Oude Testament

Nieuwe Testament

Jakobus 2:14-26 NBG-vertaling 1951 (NBG51)

14. Wat baat het, mijn broeders, of iemand al beweert geloof te hebben, als hij geen werken heeft? Kan dat geloof hem behouden?

15. Stel, dat een broeder of zuster gebrek heeft aan kleding en aan dagelijks voedsel,

16. en iemand uwer zegt tot hen: Gaat heen in vrede, houdt u warm en eet goed, zonder hen echter van het nodige voor het lichaam te voorzien, wat baat dit?

17. Zo is het ook met het geloof: indien het niet met werken gepaard gaat, is het, op zichzelf genomen, dood.

18. Maar, zal iemand zeggen: Gij hebt geloof en ík heb werken. Toon mij dan uw geloof zonder de werken, en ik zal u mijn geloof tonen uit mijn werken.

19. Gij gelooft, dat God één is?
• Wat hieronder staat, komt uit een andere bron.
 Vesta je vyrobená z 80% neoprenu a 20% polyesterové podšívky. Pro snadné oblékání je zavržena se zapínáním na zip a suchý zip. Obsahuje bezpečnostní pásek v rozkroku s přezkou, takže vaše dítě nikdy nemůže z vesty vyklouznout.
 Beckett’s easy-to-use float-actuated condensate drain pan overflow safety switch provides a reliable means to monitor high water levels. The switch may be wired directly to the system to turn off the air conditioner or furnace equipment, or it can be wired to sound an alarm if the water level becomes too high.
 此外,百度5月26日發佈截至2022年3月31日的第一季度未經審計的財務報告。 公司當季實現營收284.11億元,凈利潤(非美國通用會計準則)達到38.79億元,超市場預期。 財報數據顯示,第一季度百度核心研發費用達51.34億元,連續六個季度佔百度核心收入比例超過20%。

Daaraan doet gij wèl, (maar) dat geloven de boze geesten ook en zij sidderen.

20. Wilt gij weten, gij dwaze mens, dat het geloof zonder de werken niets uitwerkt?
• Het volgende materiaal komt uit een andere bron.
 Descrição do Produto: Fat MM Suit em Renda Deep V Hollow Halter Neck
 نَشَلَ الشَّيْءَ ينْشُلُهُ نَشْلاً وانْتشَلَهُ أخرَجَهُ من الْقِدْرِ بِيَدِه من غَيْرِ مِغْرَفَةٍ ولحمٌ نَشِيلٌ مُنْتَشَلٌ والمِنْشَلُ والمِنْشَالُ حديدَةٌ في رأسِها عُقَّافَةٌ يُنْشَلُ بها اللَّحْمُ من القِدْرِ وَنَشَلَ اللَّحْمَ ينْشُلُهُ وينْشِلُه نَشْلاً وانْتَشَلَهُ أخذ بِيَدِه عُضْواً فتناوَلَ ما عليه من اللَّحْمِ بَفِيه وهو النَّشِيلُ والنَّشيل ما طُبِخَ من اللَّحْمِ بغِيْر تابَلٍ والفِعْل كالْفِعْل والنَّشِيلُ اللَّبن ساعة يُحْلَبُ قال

21. Is onze vader Abraham niet uit werken gerechtvaardigd, toen hij zijn zoon Isaak op het altaar legde?

22. Daaruit kunt gij zien, dat zijn geloof samenwerkte met zijn werken, en dat dit geloof pas volkomen werd uit de werken;

23. en het schriftwoord werd vervuld, dat zegt: Abraham geloofde God en het werd hem tot gerechtigheid gerekend, en hij werd een vriend van God genoemd.
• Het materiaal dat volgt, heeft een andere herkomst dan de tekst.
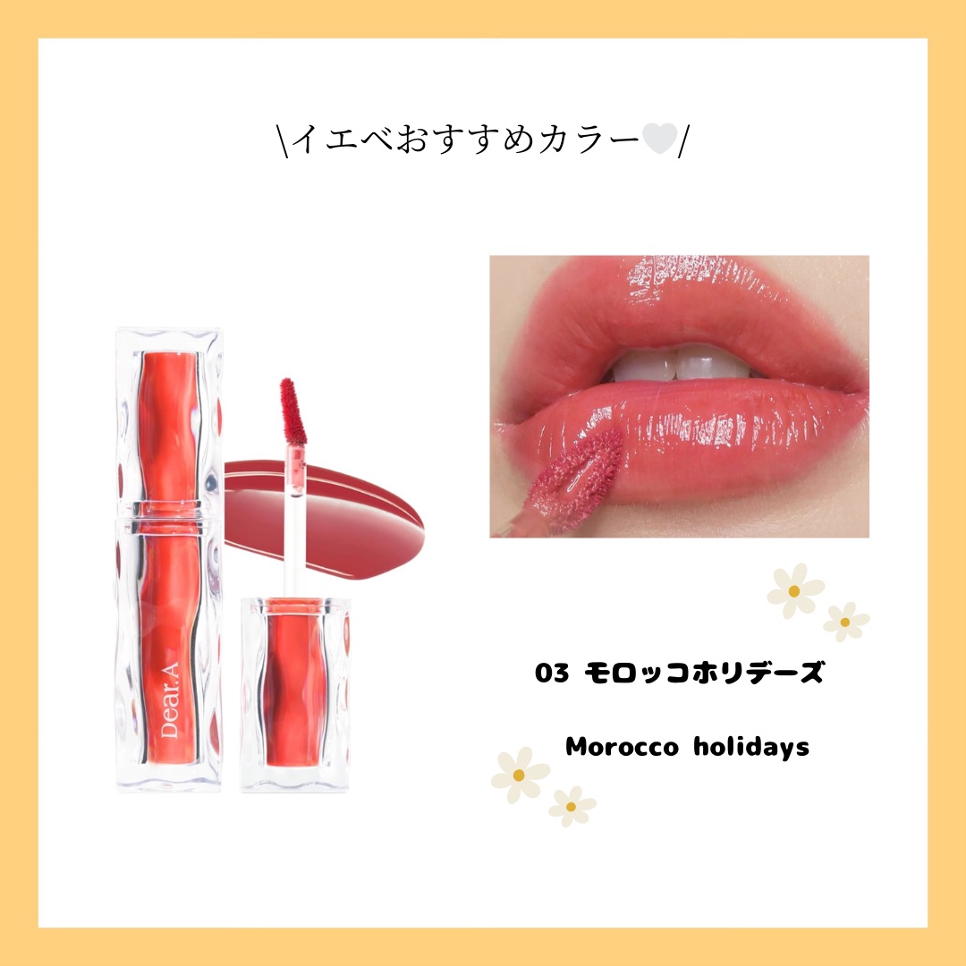 - <01. ピーチアンバー> 水、リンゴ酸ジイソステアリル、ビスジグリセリルポリアシルアジペート-2、ジフェニルシロキシフェニルトリメチコン、ジフェニルジメチコン、水添ポリイソブテン、BG、グリセリン、1,2-ヘキサンジオール、セテアレス-20、セテアリルアルコール、セチルPEG/PPG-10/1ジメチコン、(アクリル酸ヒドロキシエチル/アクリロイルジメチルタウリンNa)コポリマー、ポリソルベート60、フェノキシエタノール、スクワラン、香料、エチルヘキシルグリセリン、EDTA-2Na、イソステアリン酸ソルビタン、水酸化Al、ポリアクリル酸アンモニウム、ホホバ種子油、月見草油、アボカド油、モモ果実エキス、ステアリン酸Na、クエン酸、テトラ(ジ-t-ブチルヒドロキシヒドロケイヒ酸)ペンタエリスリチル、クダモノトケイソウ果実エキス、ヤエヤマアオキ果実エキス、ミルシアリアデュビア果実エキス、アンマロク果実エキス、ヒポファエラムノイデス果実エキス、テルミナリアフェルジナンジアナ果実エキス、酸化チタン、黄5、赤227、赤104(1)、黄4、青1 <02.アプリコットサイダー> 水、リンゴ酸ジイソステアリル、ビスジグリセリルポリアシルアジペート-2、ジフェニルシロキシフェニルトリメチコン、水添ポリイソブテン、ジフェニルジメチコン、BG、グリセリン、1,2-ヘキサンジオール、セテアレス-20、セテアリルアルコール、セチルPEG/PPG-10/1ジメチコン、(アクリル酸ヒドロキシエチル/アクリロイルジメチルタウリンNa)コポリマー、ポリソルベート60、フェノキシエタノール、スクワラン、香料、エチルヘキシルグリセリン、EDTA-2Na、イソステアリン酸ソルビタン、アボカド油、ホホバ種子油、月見草油、モモ果実エキス、ステアリン酸Na、クエン酸、テトラ(ジ-t-ブチルヒドロキシヒドロケイヒ酸)ペンタエリスリチル、アンマロク果実エキス、クダモノトケイソウ果実エキス、ヒポファエラムノイデス果実エキス、テルミナリアフェルジナンジアナ果実エキス、ヤエヤマアオキ果実エキス、ミルシアリアデュビア果実エキス、酸化チタン、黄5、赤227、赤104(1)、青1 <03.モロッコホリデーズ> 水、リンゴ酸ジイソステアリル、ビスジグリセリルポリアシルアジペート-2、ジフェニルシロキシフェニルトリメチコン、ジフェニルジメチコン、水添ポリイソブテン、BG、グリセリン、1,2-ヘキサンジオール、セテアレス-20、セテアリルアルコール、セチルPEG/PPG-10/1ジメチコン、(アクリル酸ヒドロキシエチル/アクリロイルジメチルタウリンNa)コポリマー、ポリソルベート60、フェノキシエタノール、スクワラン、香料、エチルヘキシルグリセリン、EDTA-2Na、イソステアリン酸ソルビタン、水酸化Al、ポリアクリル酸アンモニウム、ホホバ種子油、月見草油、アボカド油、モモ果実エキス、ステアリン酸Na、クエン酸、テトラ(ジ-t-ブチルヒドロキシヒドロケイヒ酸)ペンタエリスリチル、クダモノトケイソウ果実エキス、ヤエヤマアオキ果実エキス、ミルシアリアデュビア果実エキス、アンマロク果実エキス、ヒポファエラムノイデス果実エキス、テルミナリアフェルジナンジアナ果実エキス、酸化チタン、黄5、赤227、赤104(1)、青1、黄4 <04. リトルモーブ> 水、リンゴ酸ジイソステアリル、ビスジグリセリルポリアシルアジペート-2、ジフェニルシロキシフェニルトリメチコン、ジフェニルジメチコン、水添ポリイソブテン、BG、グリセリン、1,2-ヘキサンジオール、セテアレス-20、セテアリルアルコール、セチルPEG/PPG-10/1ジメチコン、(アクリル酸ヒドロキシエチル/アクリロイルジメチルタウリンNa)コポリマー、ポリソルベート60、フェノキシエタノール、スクワラン、香料、エチルヘキシルグリセリン、EDTA-2Na、イソステアリン酸ソルビタン、水酸化Al、ポリアクリル酸アンモニウム、ホホバ種子油、月見草油、アボカド油、モモ果実エキス、ステアリン酸Na、クエン酸、テトラ(ジ-t-ブチルヒドロキシヒドロケイヒ酸)ペンタエリスリチル、クダモノトケイソウ果実エキス、ヤエヤマアオキ果実エキス、ミルシアリアデュビア果実エキス、アンマロク果実エキス、ヒポファエラムノイデス果実エキス、テルミナリアフェルジナンジアナ果実エキス、酸化チタン、赤227、赤104(1)、黄5、黄4、青1 <05.ローズティー> 水、リンゴ酸ジイソステアリル、ビスジグリセリルポリアシルアジペート-2、ジフェニルシロキシフェニルトリメチコン、ジフェニルジメチコン、水添ポリイソブテン、BG、グリセリン、1,2-ヘキサンジオール、セテアレス-20、セテアリルアルコール、セチルPEG/PPG-10/1ジメチコン、(アクリル酸ヒドロキシエチル/アクリロイルジメチルタウリンNa)コポリマー、ポリソルベート60、フェノキシエタノール、スクワラン、香料、エチルヘキシルグリセリン、EDTA-2Na、イソステアリン酸ソルビタン、水酸化Al、ポリアクリル酸アンモニウム、ホホバ種子油、月見草油、アボカド油、モモ果実エキス、ステアリン酸Na、クエン酸、テトラ(ジ-t-ブチルヒドロキシヒドロケイヒ

24. Gij ziet, dat een mens gerechtvaardigd wordt uit werken en niet slechts uit geloof.

25. En is niet evenzo Rachab, de hoer, uit werken gerechtvaardigd, toen zij de boodschappers in huis nam en langs een andere weg liet heengaan?

26. Want gelijk het lichaam zonder geest dood is, zo is ook het geloof zonder werken dood.